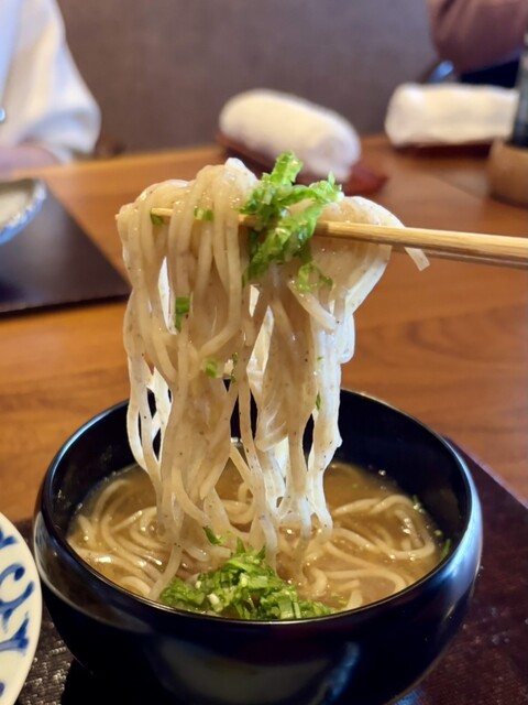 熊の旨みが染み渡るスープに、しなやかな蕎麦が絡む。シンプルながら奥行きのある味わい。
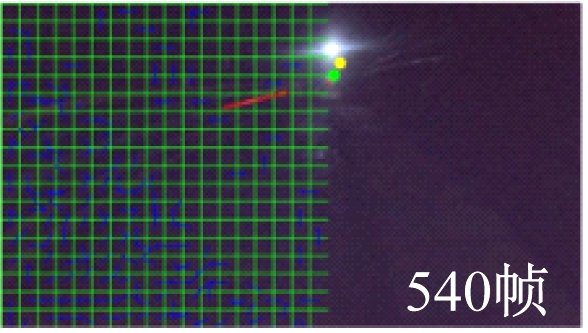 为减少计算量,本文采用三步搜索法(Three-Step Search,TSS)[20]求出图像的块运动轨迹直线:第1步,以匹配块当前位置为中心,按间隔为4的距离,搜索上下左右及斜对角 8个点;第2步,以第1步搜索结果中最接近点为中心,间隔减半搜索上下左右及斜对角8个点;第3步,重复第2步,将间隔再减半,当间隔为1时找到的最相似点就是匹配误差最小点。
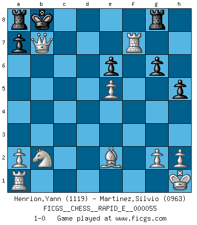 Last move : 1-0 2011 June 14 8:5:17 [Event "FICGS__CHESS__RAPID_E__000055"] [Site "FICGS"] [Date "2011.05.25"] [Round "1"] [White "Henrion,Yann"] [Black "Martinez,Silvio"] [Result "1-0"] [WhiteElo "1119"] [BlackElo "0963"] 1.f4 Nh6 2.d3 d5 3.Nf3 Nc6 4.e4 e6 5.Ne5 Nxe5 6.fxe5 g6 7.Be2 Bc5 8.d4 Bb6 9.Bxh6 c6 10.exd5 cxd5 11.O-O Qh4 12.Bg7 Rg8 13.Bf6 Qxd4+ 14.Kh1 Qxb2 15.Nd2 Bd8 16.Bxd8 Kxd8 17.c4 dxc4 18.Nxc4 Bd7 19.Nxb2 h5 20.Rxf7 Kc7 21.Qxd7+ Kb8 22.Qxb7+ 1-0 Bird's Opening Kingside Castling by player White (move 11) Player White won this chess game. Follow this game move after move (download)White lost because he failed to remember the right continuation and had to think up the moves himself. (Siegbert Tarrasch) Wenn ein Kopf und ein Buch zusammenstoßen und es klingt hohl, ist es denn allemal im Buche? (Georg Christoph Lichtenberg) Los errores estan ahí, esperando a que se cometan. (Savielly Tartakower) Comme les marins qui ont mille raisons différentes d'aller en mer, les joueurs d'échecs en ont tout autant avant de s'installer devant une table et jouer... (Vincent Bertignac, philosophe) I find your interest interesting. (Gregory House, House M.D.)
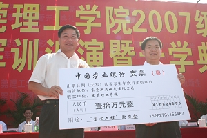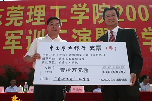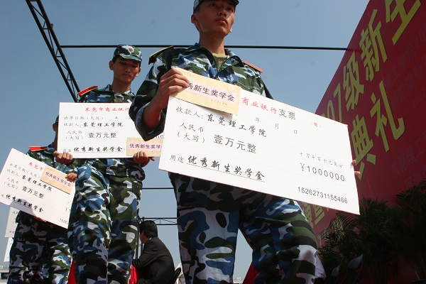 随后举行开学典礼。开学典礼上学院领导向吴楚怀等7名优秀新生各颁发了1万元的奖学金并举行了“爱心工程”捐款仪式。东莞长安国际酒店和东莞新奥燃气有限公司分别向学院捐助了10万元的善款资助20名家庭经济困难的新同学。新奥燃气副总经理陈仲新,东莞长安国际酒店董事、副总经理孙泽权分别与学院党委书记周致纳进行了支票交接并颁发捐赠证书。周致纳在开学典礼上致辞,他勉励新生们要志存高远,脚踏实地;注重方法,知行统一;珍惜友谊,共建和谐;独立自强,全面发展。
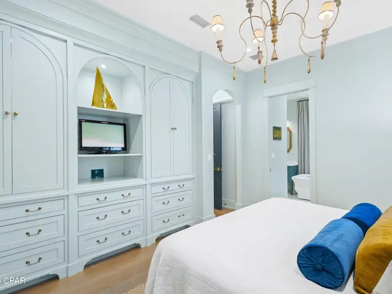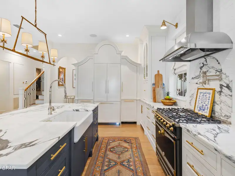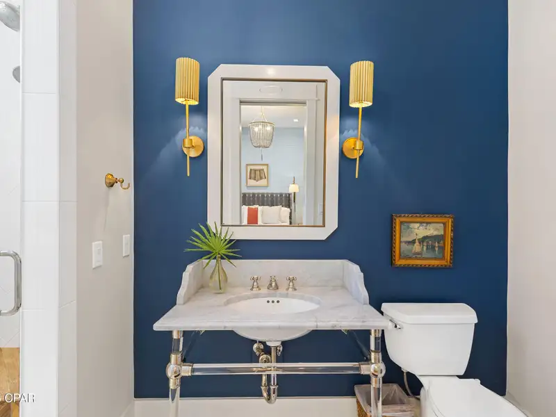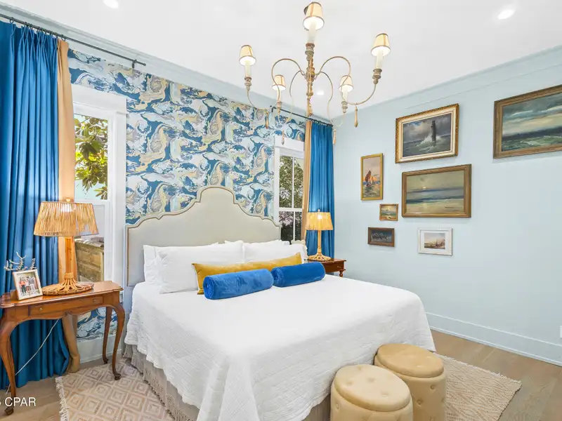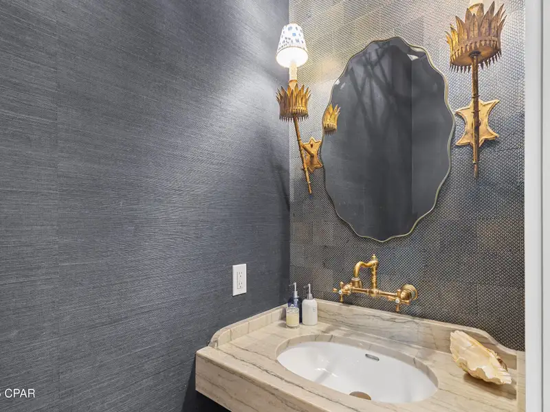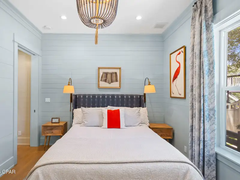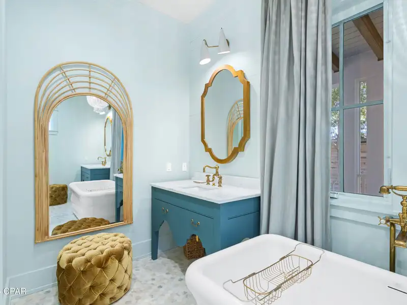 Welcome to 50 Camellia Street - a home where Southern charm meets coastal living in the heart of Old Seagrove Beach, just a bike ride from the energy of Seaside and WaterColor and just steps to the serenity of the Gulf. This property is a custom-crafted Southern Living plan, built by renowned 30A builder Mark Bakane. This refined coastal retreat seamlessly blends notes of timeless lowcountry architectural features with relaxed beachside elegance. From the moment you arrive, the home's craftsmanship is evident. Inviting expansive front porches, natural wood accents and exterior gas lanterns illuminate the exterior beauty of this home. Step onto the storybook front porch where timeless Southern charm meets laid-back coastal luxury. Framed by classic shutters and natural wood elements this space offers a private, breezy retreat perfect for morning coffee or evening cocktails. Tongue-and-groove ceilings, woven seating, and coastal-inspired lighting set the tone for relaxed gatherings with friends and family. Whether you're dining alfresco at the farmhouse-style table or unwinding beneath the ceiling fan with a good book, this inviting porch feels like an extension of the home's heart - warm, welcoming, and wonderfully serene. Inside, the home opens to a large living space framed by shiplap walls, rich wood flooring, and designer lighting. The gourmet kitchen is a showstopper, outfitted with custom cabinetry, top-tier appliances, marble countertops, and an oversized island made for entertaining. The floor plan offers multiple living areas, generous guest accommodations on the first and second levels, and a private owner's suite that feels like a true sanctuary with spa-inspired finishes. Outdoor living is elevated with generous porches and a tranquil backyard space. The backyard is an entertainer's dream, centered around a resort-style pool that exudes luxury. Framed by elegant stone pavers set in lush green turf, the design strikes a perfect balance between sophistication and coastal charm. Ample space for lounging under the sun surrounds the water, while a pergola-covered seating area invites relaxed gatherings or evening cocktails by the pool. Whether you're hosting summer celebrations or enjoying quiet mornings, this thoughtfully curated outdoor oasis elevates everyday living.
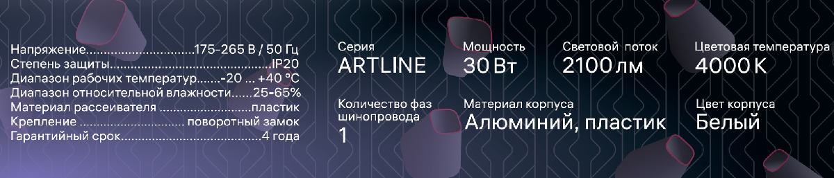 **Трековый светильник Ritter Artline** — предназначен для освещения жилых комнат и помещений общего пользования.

▶ _WHAT IS REQUIRED_
Repeat every entry exactly. Do not include the pictures.

▶ _FINAL ANSWER_
 熊の旨みが染み渡るスープに、しなやかな蕎麦が絡む。シンプルながら奥行きのある味わい。
 为减少计算量,本文采用三步搜索法(Three-Step Search,TSS)[20]求出图像的块运动轨迹直线:第1步,以匹配块当前位置为中心,按间隔为4的距离,搜索上下左右及斜对角 8个点;第2步,以第1步搜索结果中最接近点为中心,间隔减半搜索上下左右及斜对角8个点;第3步,重复第2步,将间隔再减半,当间隔为1时找到的最相似点就是匹配误差最小点。
 Last move : 1-0 2011 June 14 8:5:17 [Event "FICGS__CHESS__RAPID_E__000055"] [Site "FICGS"] [Date "2011.05.25"] [Round "1"] [White "Henrion,Yann"] [Black "Martinez,Silvio"] [Result "1-0"] [WhiteElo "1119"] [BlackElo "0963"] 1.f4 Nh6 2.d3 d5 3.Nf3 Nc6 4.e4 e6 5.Ne5 Nxe5 6.fxe5 g6 7.Be2 Bc5 8.d4 Bb6 9.Bxh6 c6 10.exd5 cxd5 11.O-O Qh4 12.Bg7 Rg8 13.Bf6 Qxd4+ 14.Kh1 Qxb2 15.Nd2 Bd8 16.Bxd8 Kxd8 17.c4 dxc4 18.Nxc4 Bd7 19.Nxb2 h5 20.Rxf7 Kc7 21.Qxd7+ Kb8 22.Qxb7+ 1-0 Bird's Opening Kingside Castling by player White (move 11) Player White won this chess game. Follow this game move after move (download)White lost because he failed to remember the right continuation and had to think up the moves himself. (Siegbert Tarrasch) Wenn ein Kopf und ein Buch zusammenstoßen und es klingt hohl, ist es denn allemal im Buche? (Georg Christoph Lichtenberg) Los errores estan ahí, esperando a que se cometan. (Savielly Tartakower) Comme les marins qui ont mille raisons différentes d'aller en mer, les joueurs d'échecs en ont tout autant avant de s'installer devant une table et jouer... (Vincent Bertignac, philosophe) I find your interest interesting. (Gregory House, House M.D.)
 随后举行开学典礼。开学典礼上学院领导向吴楚怀等7名优秀新生各颁发了1万元的奖学金并举行了“爱心工程”捐款仪式。东莞长安国际酒店和东莞新奥燃气有限公司分别向学院捐助了10万元的善款资助20名家庭经济困难的新同学。新奥燃气副总经理陈仲新,东莞长安国际酒店董事、副总经理孙泽权分别与学院党委书记周致纳进行了支票交接并颁发捐赠证书。周致纳在开学典礼上致辞,他勉励新生们要志存高远,脚踏实地;注重方法,知行统一;珍惜友谊,共建和谐;独立自强,全面发展。
 Welcome to 50 Camellia Street - a home where Southern charm meets coastal living in the heart of Old Seagrove Beach, just a bike ride from the energy of Seaside and WaterColor and just steps to the serenity of the Gulf. This property is a custom-crafted Southern Living plan, built by renowned 30A builder Mark Bakane. This refined coastal retreat seamlessly blends notes of timeless lowcountry architectural features with relaxed beachside elegance. From the moment you arrive, the home's craftsmanship is evident. Inviting expansive front porches, natural wood accents and exterior gas lanterns illuminate the exterior beauty of this home. Step onto the storybook front porch where timeless Southern charm meets laid-back coastal luxury. Framed by classic shutters and natural wood elements this space offers a private, breezy retreat perfect for morning coffee or evening cocktails. Tongue-and-groove ceilings, woven seating, and coastal-inspired lighting set the tone for relaxed gatherings with friends and family. Whether you're dining alfresco at the farmhouse-style table or unwinding beneath the ceiling fan with a good book, this inviting porch feels like an extension of the home's heart - warm, welcoming, and wonderfully serene. Inside, the home opens to a large living space framed by shiplap walls, rich wood flooring, and designer lighting. The gourmet kitchen is a showstopper, outfitted with custom cabinetry, top-tier appliances, marble countertops, and an oversized island made for entertaining. The floor plan offers multiple living areas, generous guest accommodations on the first and second levels, and a private owner's suite that feels like a true sanctuary with spa-inspired finishes. Outdoor living is elevated with generous porches and a tranquil backyard space. The backyard is an entertainer's dream, centered around a resort-style pool that exudes luxury. Framed by elegant stone pavers set in lush green turf, the design strikes a perfect balance between sophistication and coastal charm. Ample space for lounging under the sun surrounds the water, while a pergola-covered seating area invites relaxed gatherings or evening cocktails by the pool. Whether you're hosting summer celebrations or enjoying quiet mornings, this thoughtfully curated outdoor oasis elevates everyday living.
 **Трековый светильник Ritter Artline** — предназначен для освещения жилых комнат и помещений общего пользования.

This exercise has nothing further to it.